- What the exercise asks -
An exact transcription of all the records, free of pictures, is the expected answer.

(Information provided begins)

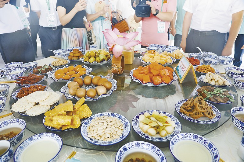 三堂街水岸湿地度假庄园工作人员向嘉宾介绍桃江特色民俗“五道茶二十四碟”。吴巧摄
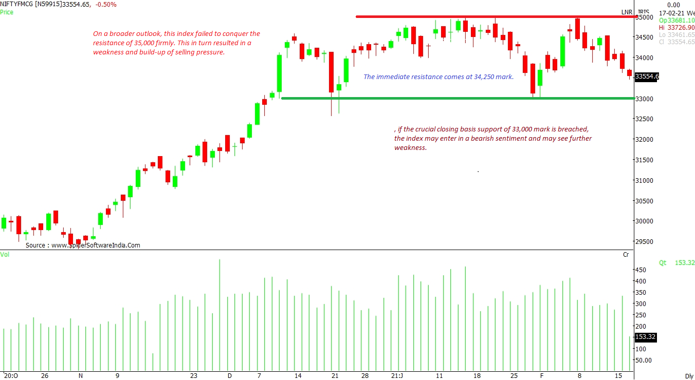 NIFTY FMCG: The index has failed to conquer the resistance of 35,000 firmly. This, in turn, has resulted in weakness and a build-up of selling pressure. Now, if the crucial closing basis support of 33,000 mark is breached, the index may enter a bearish sentiment and may further weaken. The immediate resistance comes at 34,250 leveks. CLICK HERE FOR THE CHART
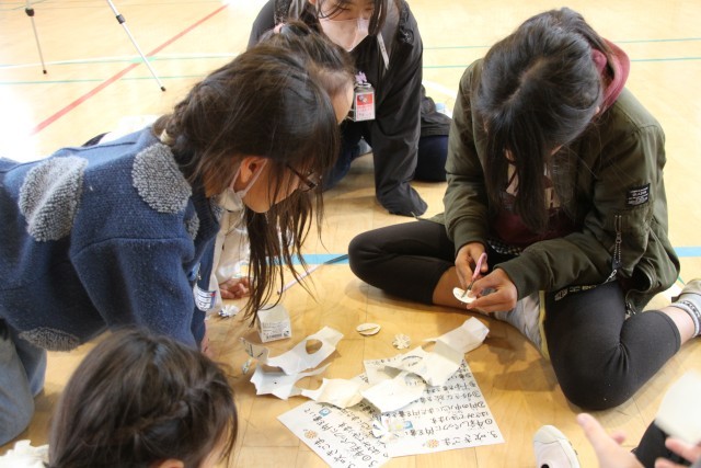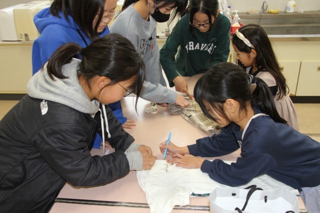 6年生は総合的な学習の時間でSDGsについて学習しています。SDGsの17項目の中から自分で興味関心や取り組んでみたいことをもとに選んでいます。調べて分かったことをまとめたり、自分たちにできることに取り組んでいます。その中で、Tシャツをポーチにする活動と、牛乳パックでおもちゃづくりを全校に呼びかけ、6年生が下級生に教えました。参加した子供たちは、できあがったポーチやぴょんぴょんカエルなどのおもちゃに喜んでいました。
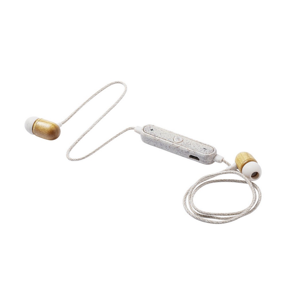 Słuchawki bezprzewodowe BT 5.0, douszne, słuchawki wykonane z bambusa, panel regulacji wykonany ze słomy pszenicznej, kable pokryte materiałem z konopi, funkcja odbierania połączeń, panel regulacji, ładowane przez USB, zasięg do 10 m, bateria 60 mAh, czas pracy: 3h, kabel micro USB w komplecie
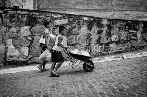 2014, Black and white, Bahia, Lençois, Horizontal, Street, Fair, Boy, Woman, Wheelbarrow, Infantile Work

(Information provided ends)

- Finished exercise -
 三堂街水岸湿地度假庄园工作人员向嘉宾介绍桃江特色民俗“五道茶二十四碟”。吴巧摄
 NIFTY FMCG: The index has failed to conquer the resistance of 35,000 firmly. This, in turn, has resulted in weakness and a build-up of selling pressure. Now, if the crucial closing basis support of 33,000 mark is breached, the index may enter a bearish sentiment and may further weaken. The immediate resistance comes at 34,250 leveks. CLICK HERE FOR THE CHART
 6年生は総合的な学習の時間でSDGsについて学習しています。SDGsの17項目の中から自分で興味関心や取り組んでみたいことをもとに選んでいます。調べて分かったことをまとめたり、自分たちにできることに取り組んでいます。その中で、Tシャツをポーチにする活動と、牛乳パックでおもちゃづくりを全校に呼びかけ、6年生が下級生に教えました。参加した子供たちは、できあがったポーチやぴょんぴょんカエルなどのおもちゃに喜んでいました。
 Słuchawki bezprzewodowe BT 5.0, douszne, słuchawki wykonane z bambusa, panel regulacji wykonany ze słomy pszenicznej, kable pokryte materiałem z konopi, funkcja odbierania połączeń, panel regulacji, ładowane przez USB, zasięg do 10 m, bateria 60 mAh, czas pracy: 3h, kabel micro USB w komplecie
 2014, Black and white, Bahia, Lençois, Horizontal, Street, Fair, Boy, Woman, Wheelbarrow, Infantile Work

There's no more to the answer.